_TASK BRIEF:_ Images don't belong in the copy. Output the rest of the data exactly.

_INPUT DATA:_
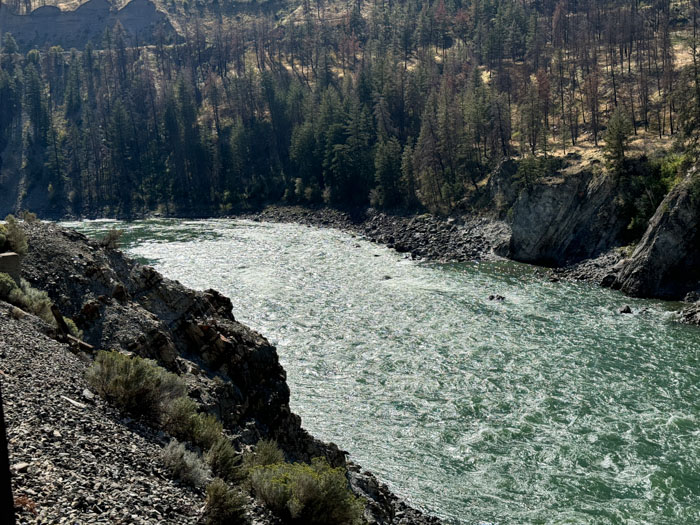 We were picked up from the hotel at 7:10 and the train left on its 250-mile journey at 7:55. Our second seating for breakfast was at 9:30, but while we waited we were served coffee, tea, and cranberry orange bread with a lemon drizzle. We started along the north shore of the very large Kamloops Lake, where we saw a bald eagle perched atop a tree. And a herd of bighorn sheep, but I wasn’t fast enough to get a photo of either. We followed the Thompson River, winding through relatively narrow, steep canyons. The terrain this morning is noticeably different than yesterday’s, quite arid. The Jaws of Death Gorge was dramatic with its narrow passage above river rapids. Rainbow Canyon offered spectacular views from the outside platform.
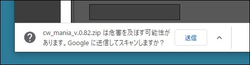 お使いのブラウザが Google Chrome の場合、ファイルのダウンロードで以下のような画面が表示されるので、セキュリティが気になる方はそのまま "送信" をクリックして Google でウイルスチェックをしてもらうと安心できると思います。
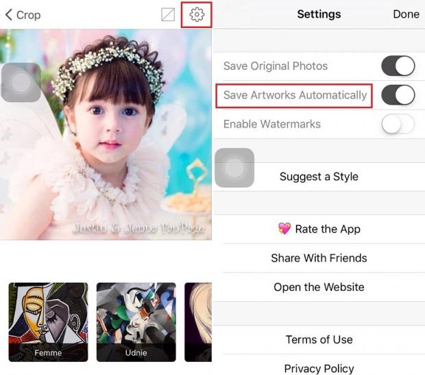 Nếu muốn chỉnh sửa nhiều hình ảnh một lúc, bạn có thể kích hoạt chế độ tự động sao lưu và khi đó những hình ảnh đã được chỉnh sửa của bạn sẽ được tự động lưu về máy và bạn có thể tìm chúng trong bộ sưu tập ảnh của điện thoại. Để làm được điều này, rất đơn giản, bạn chỉ cần vào Settings và bật chế độ lưu ảnh tự động (Save artworks automatically).

_FINAL ANSWER:_
 We were picked up from the hotel at 7:10 and the train left on its 250-mile journey at 7:55. Our second seating for breakfast was at 9:30, but while we waited we were served coffee, tea, and cranberry orange bread with a lemon drizzle. We started along the north shore of the very large Kamloops Lake, where we saw a bald eagle perched atop a tree. And a herd of bighorn sheep, but I wasn’t fast enough to get a photo of either. We followed the Thompson River, winding through relatively narrow, steep canyons. The terrain this morning is noticeably different than yesterday’s, quite arid. The Jaws of Death Gorge was dramatic with its narrow passage above river rapids. Rainbow Canyon offered spectacular views from the outside platform.
 お使いのブラウザが Google Chrome の場合、ファイルのダウンロードで以下のような画面が表示されるので、セキュリティが気になる方はそのまま "送信" をクリックして Google でウイルスチェックをしてもらうと安心できると思います。
 Nếu muốn chỉnh sửa nhiều hình ảnh một lúc, bạn có thể kích hoạt chế độ tự động sao lưu và khi đó những hình ảnh đã được chỉnh sửa của bạn sẽ được tự động lưu về máy và bạn có thể tìm chúng trong bộ sưu tập ảnh của điện thoại. Để làm được điều này, rất đơn giản, bạn chỉ cần vào Settings và bật chế độ lưu ảnh tự động (Save artworks automatically).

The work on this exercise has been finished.